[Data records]
=== Begin Enclosure ===
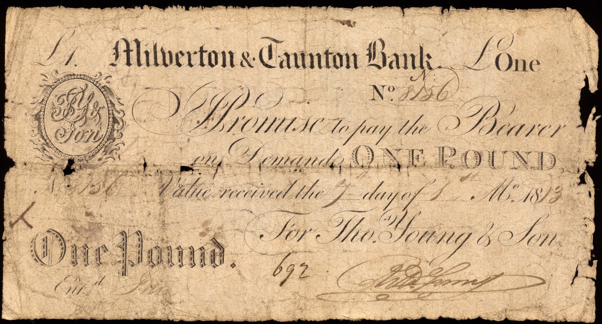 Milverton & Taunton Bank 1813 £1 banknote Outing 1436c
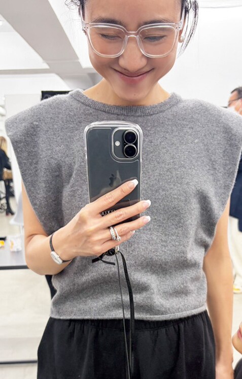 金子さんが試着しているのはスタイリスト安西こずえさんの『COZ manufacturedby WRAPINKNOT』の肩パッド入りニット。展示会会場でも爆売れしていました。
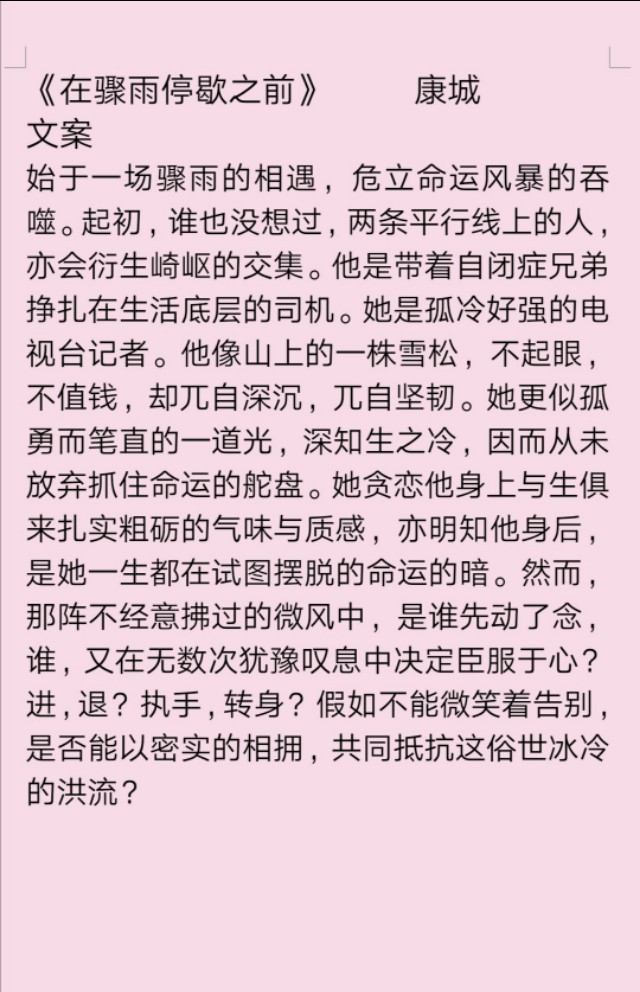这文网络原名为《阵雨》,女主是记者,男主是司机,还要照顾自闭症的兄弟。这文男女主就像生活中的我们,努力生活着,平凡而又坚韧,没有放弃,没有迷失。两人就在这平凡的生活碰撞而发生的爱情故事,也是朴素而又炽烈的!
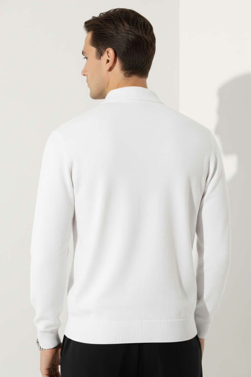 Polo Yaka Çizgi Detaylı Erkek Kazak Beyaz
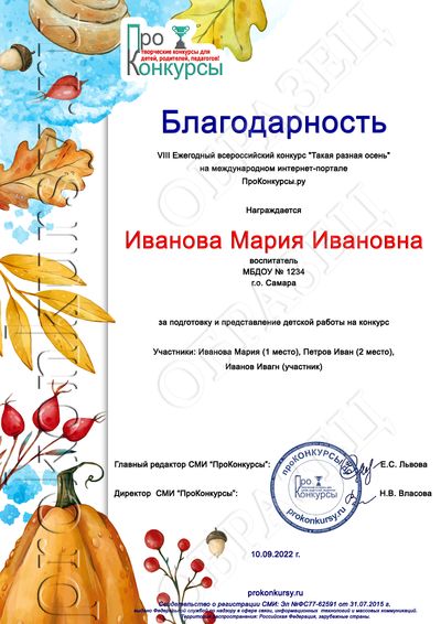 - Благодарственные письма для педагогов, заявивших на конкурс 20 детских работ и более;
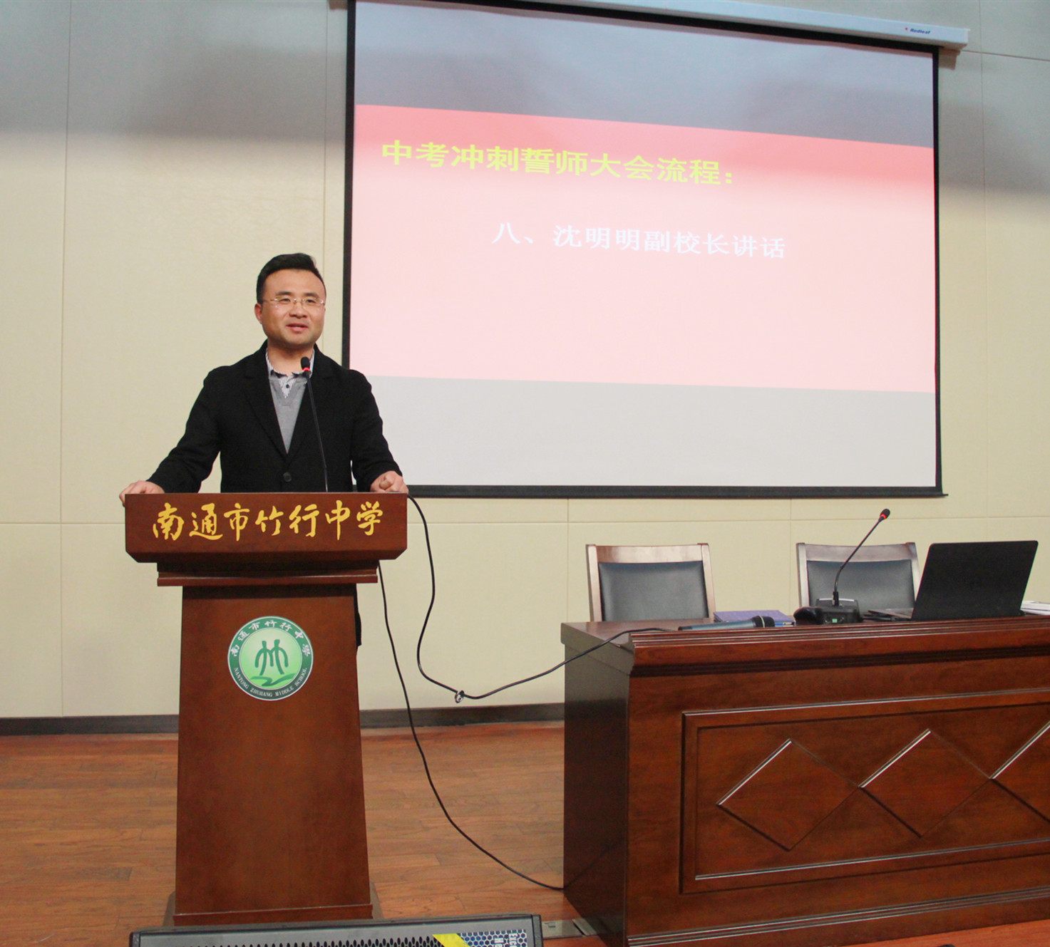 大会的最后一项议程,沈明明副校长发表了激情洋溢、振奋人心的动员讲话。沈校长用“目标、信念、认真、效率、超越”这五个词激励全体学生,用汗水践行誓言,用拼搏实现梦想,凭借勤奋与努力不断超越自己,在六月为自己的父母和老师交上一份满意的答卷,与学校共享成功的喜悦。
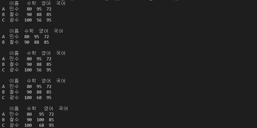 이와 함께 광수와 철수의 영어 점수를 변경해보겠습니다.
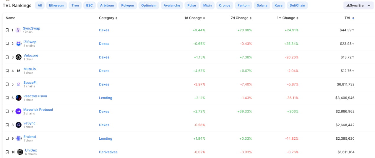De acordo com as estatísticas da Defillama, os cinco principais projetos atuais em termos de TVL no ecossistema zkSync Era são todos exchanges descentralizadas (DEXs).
=== End Enclosure ===
=== Begin Enclosure ===
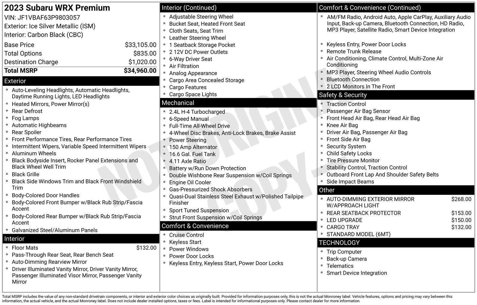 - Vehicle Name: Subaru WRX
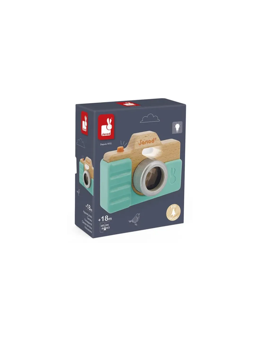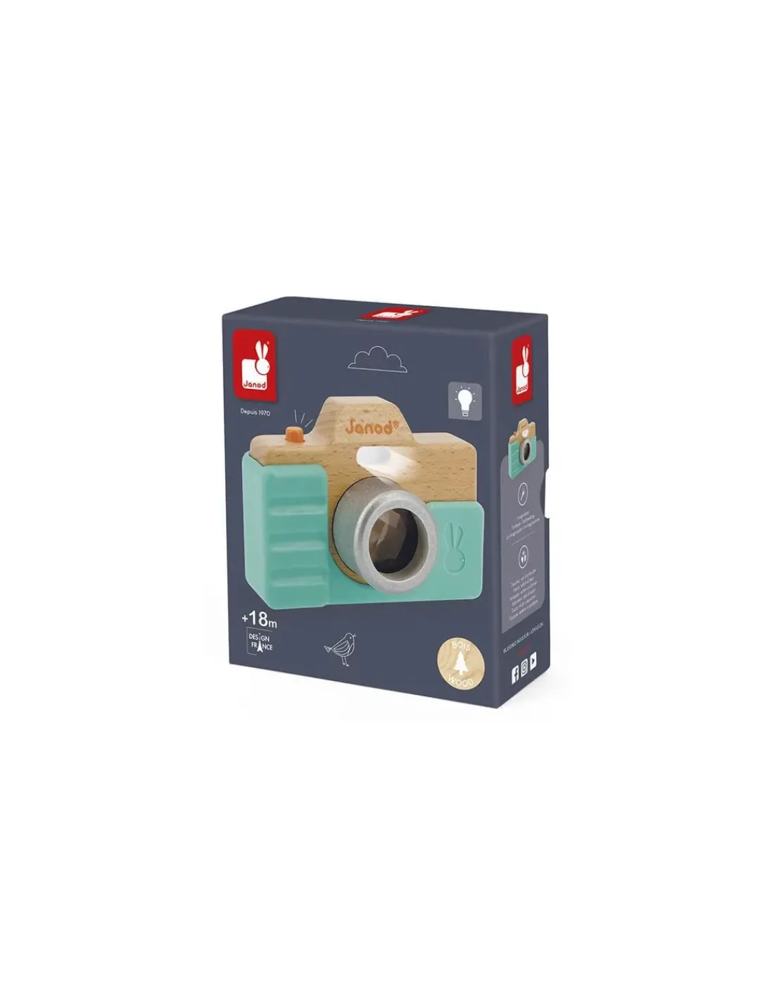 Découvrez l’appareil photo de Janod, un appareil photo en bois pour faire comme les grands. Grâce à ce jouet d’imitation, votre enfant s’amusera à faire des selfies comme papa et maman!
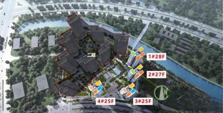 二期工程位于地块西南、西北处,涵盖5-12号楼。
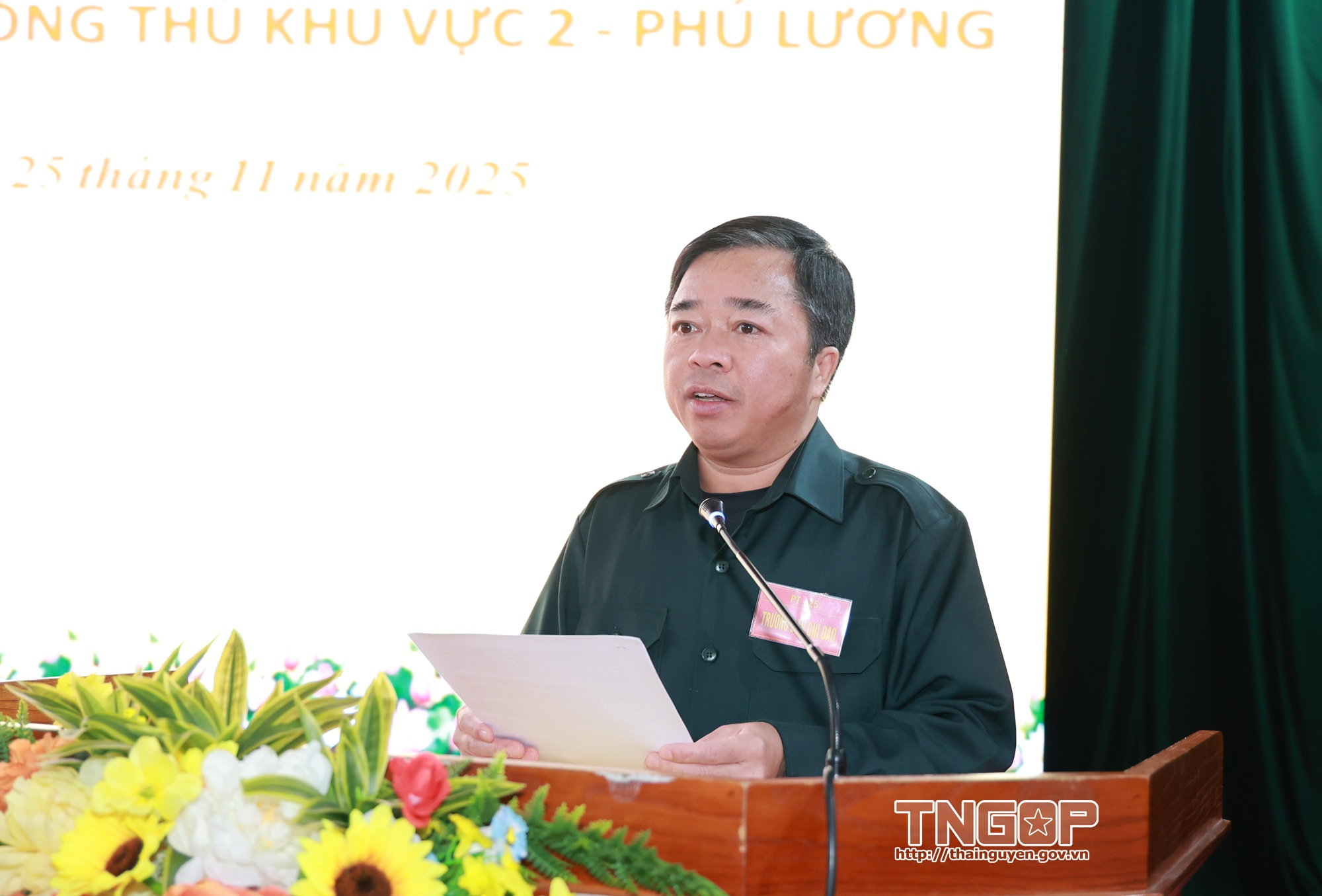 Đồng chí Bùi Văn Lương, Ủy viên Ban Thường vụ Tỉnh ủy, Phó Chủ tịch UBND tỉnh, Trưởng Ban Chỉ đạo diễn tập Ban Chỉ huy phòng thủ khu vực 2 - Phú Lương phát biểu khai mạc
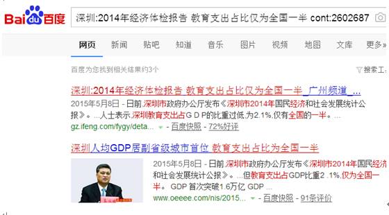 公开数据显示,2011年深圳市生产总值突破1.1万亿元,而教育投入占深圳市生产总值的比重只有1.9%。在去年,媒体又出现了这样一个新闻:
=== End Enclosure ===
- What you are asked to do -
Give back exactly the lines above from the one with "Milverton & Taunton" through the one with "이와 함께 광수와 철수의 영어 점수를 변경해보겠습니다.", both included. Pictures don't belong in the copy.

- Exercise result -
 Milverton & Taunton Bank 1813 £1 banknote Outing 1436c
 金子さんが試着しているのはスタイリスト安西こずえさんの『COZ manufacturedby WRAPINKNOT』の肩パッド入りニット。展示会会場でも爆売れしていました。
这文网络原名为《阵雨》,女主是记者,男主是司机,还要照顾自闭症的兄弟。这文男女主就像生活中的我们,努力生活着,平凡而又坚韧,没有放弃,没有迷失。两人就在这平凡的生活碰撞而发生的爱情故事,也是朴素而又炽烈的!
 Polo Yaka Çizgi Detaylı Erkek Kazak Beyaz
 - Благодарственные письма для педагогов, заявивших на конкурс 20 детских работ и более;
 大会的最后一项议程,沈明明副校长发表了激情洋溢、振奋人心的动员讲话。沈校长用“目标、信念、认真、效率、超越”这五个词激励全体学生,用汗水践行誓言,用拼搏实现梦想,凭借勤奋与努力不断超越自己,在六月为自己的父母和老师交上一份满意的答卷,与学校共享成功的喜悦。
 이와 함께 광수와 철수의 영어 점수를 변경해보겠습니다.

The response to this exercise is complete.